Taken altogether, it all seems to add up to a remarkably stable, well-considered and transparent market. Collectors and industry-watchers would disregard its rise dismiss its success at their own peril.
“At the end of the day,” said Kahn, “it comes down to this: video games resonate with collectors of all types. Video games are a shared experience everyone has.”
It’s precisely that shared experience that ultimately confers cultural and monetary value on a collectible. It only takes two people to agree an item has that kind of significance and in the case of video games we now know there are thousands willing to do so. In a decade do not be surprised if the $156,000 price realized for that Super Mario Bros. 3 looks like a steal.
WHAT’S SO SPECIAL ABOUT THE SUPER MARIO BROS. 3 VIDEO GAME?

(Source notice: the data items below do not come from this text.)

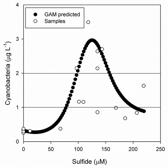 | Cyanobacteria ~ s(Sulfide, k = 6) + s(Phosphate, k = 6) |
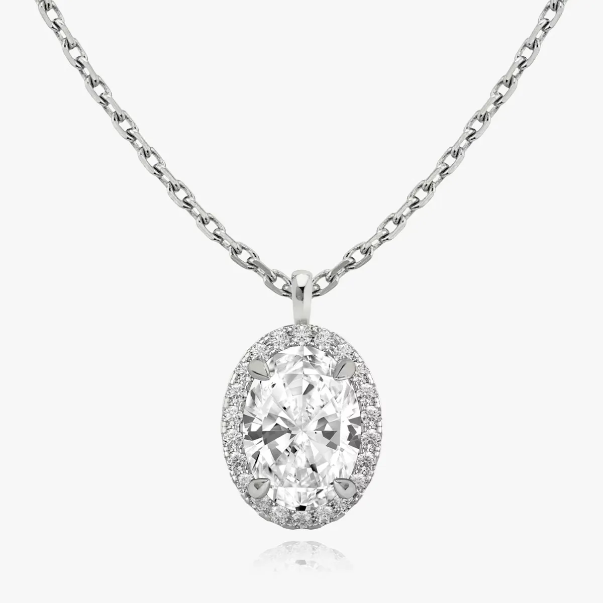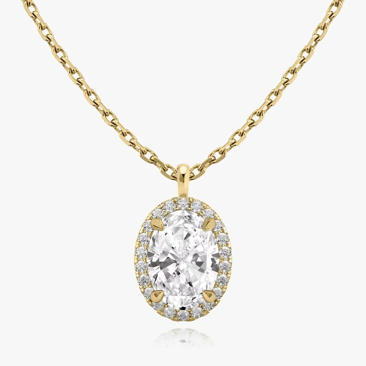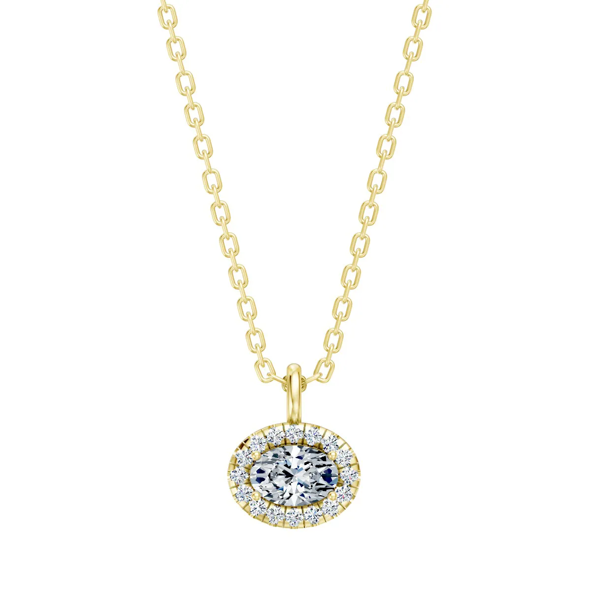 Colgante BRISA con diamante central talla oval y orla de brillantes, realizado con oro de 18K.
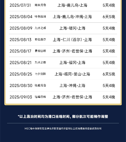 在航線方面,2025年新增仁川及釜山兩大熱門目的地航線,因郵輪免簽政策而頗受賓客歡迎;岸上游產(chǎn)品也帶來(lái)更多樣化的線路選擇,不僅帶來(lái)親子出游、歷史文化探索、名勝古跡參觀、溫泉體驗(yàn)等主題線路,也特別針對(duì)地中海游艇會(huì)賓客推出游艇會(huì)專享岸上游路線,賓客還可以在MSC地中海郵輪官網(wǎng)或小程序提前預(yù)約,享受優(yōu)惠的行前訂價(jià)格。
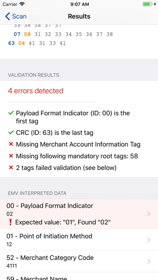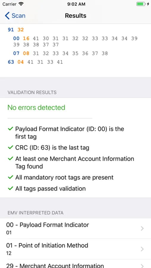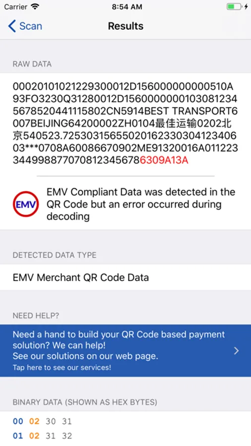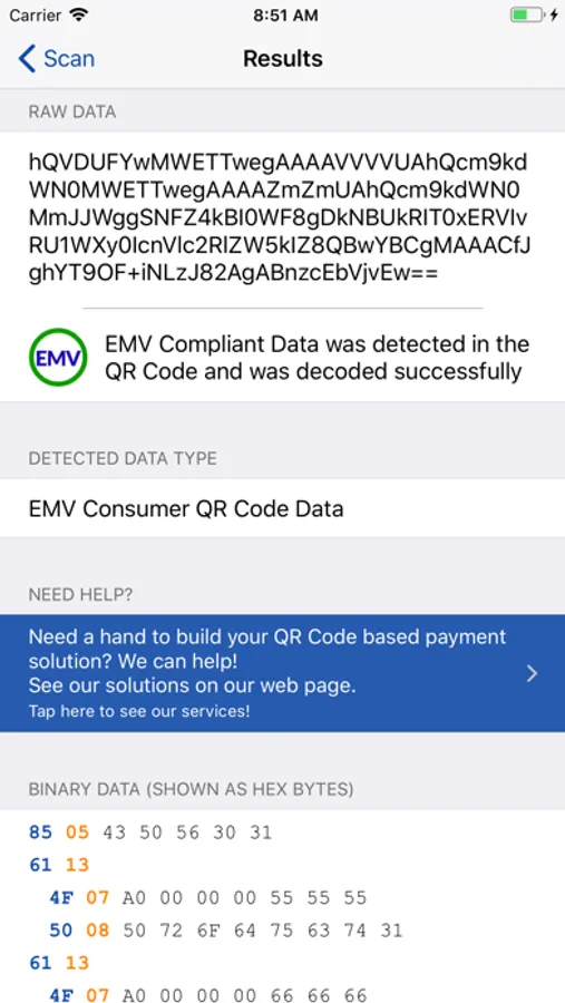 This app will decode QR Codes that are compliant with the EMVco specifications for usage of Merchant and Consumer QR Codes in the payment business. It will show the raw data contained in the QR Code, show it as Hex Bytes and give available information for all EMV tag found. Helps you find problems in QR Codes by highlighting parts that could not be decoded. Also does a complete analysis of Merchant Presented QR Codes to highlight missing tags, tags with bad length or format, and Checksum value.
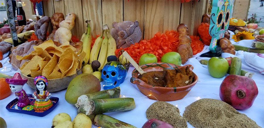 El incienso aromatiza el altar comunitario en el centro de Love Park. El humo, como en una fogata, atrae a los transeúntes que se desvían de su rutina habitual para observarlo. Al ingresar al ambiente de ritos ceremoniales, se divisan alfombras creadas de papel picado con un vibrante color anaranjado. Las velas blancas y las flores cempasúchil o marigolds, embellecen el camino hacía el altar de ofrendas. Cada uno de los tres pisos expone elementos de arte folklórico mexicano; además del pan de muerto, frutas y hortalizas, entre otros componentes simbólicos para rendir un homenaje a los familiares, amigos y vecinos que partieron de este mundo terrenal.
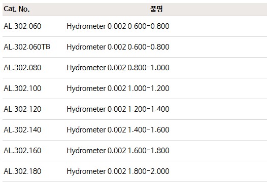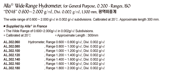 0.002g/ml 단위로 0.600~2.000g/ml의 넓은 범위. 20°C에서 보정. 길이는 약 300mm입니다.
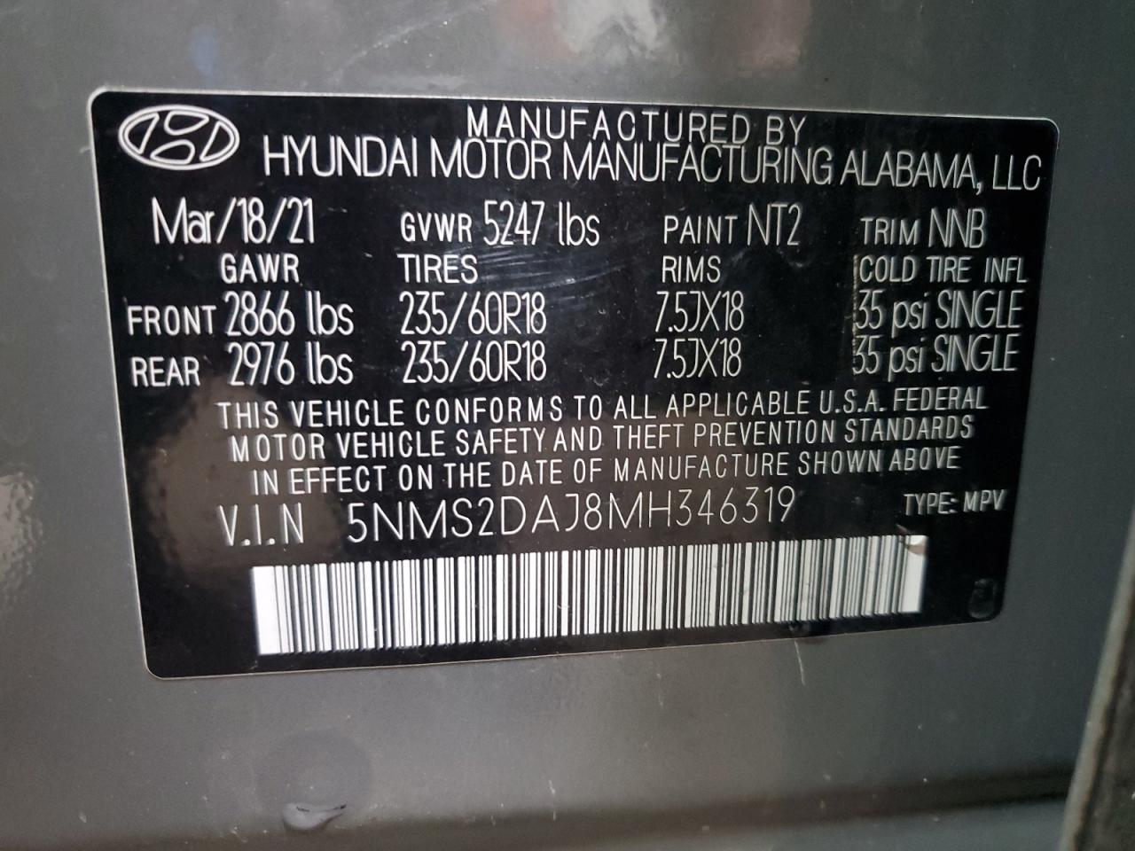 2021 HYUNDAI SANTA FE - 5NMS2DAJ8MH346319, колір - Сірий, 2.5, Бензин, Повний привід із США
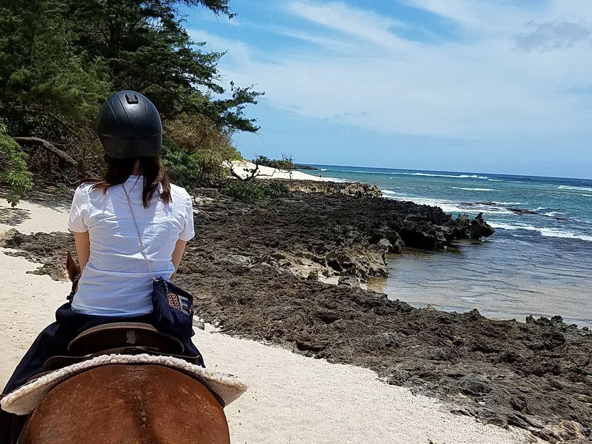 ウミガメは見れませんでした。渓谷は足場が悪くなったことから、海岸ルートの乗馬に変更になりました。1時間程度の乗馬はしっかりと調教された馬で乗りやすかったです。

Valarie McLeckie, Director of Video Games at Heritage Auctions, gets her geek on, explaining what’s so special about on the record setting Mario Bros. 3. You’ll want to take notes.
“Those outside the collecting community may be surprised to find that many games for the Nintendo Entertainment System had package variants,” McLeckie said. “In fact, there are more than ten different variations of Super Mario Bros.! Each variation signifies the window of time in which a particular copy was produced, and some variations are considered rarer or more valuable than others.
“I’ll start with the first game to break the world record [in 2020]; the Wata 9.4 A+ copy of Super Mario Bros. that sold for an all-in price of $114,000 in our July Signature Auction. What made this specific copy special, aside from the fact that it was still factory sealed, was its perforated cardboard hang tab underneath its plastic seal. Nintendo’s earliest games produced for the U.S. test had these hang tabs before plastic was used to seal each game. However, the addition of the plastic wrap came before the box-cutting die was altered to remove the cardboard hang tab. Sealed copies of these cardboard hang tab variants are some of the earliest copies one could hope to find, and their rarity in this condition can’t be understated.
“Similarly, the variant of the Wata 9.2 A+ copy of Super Mario Bros. 3 that broke the previous world record in our November Signature Auction that sold for $156,000 is what makes it incredibly special.
“This copy has the “Bros.” in the title formatted to the left on the front of the box, rather than the right (above Mario’s glove). While it may seem like a fairly small difference, in actuality, one has to consider “Left Bros.” copies like this one in an entirely different league from its “Right Bros.” counterpart.
“Copies with “Bros.” on the left are effectively from the first production of the title. While there are a number of “Right Bros.” copies out there, some collectors I have spoken with have told me that they have sought after a sealed “Left Bros.” copy in any condition for many years and, despite their best efforts, haven’t been able to find one.”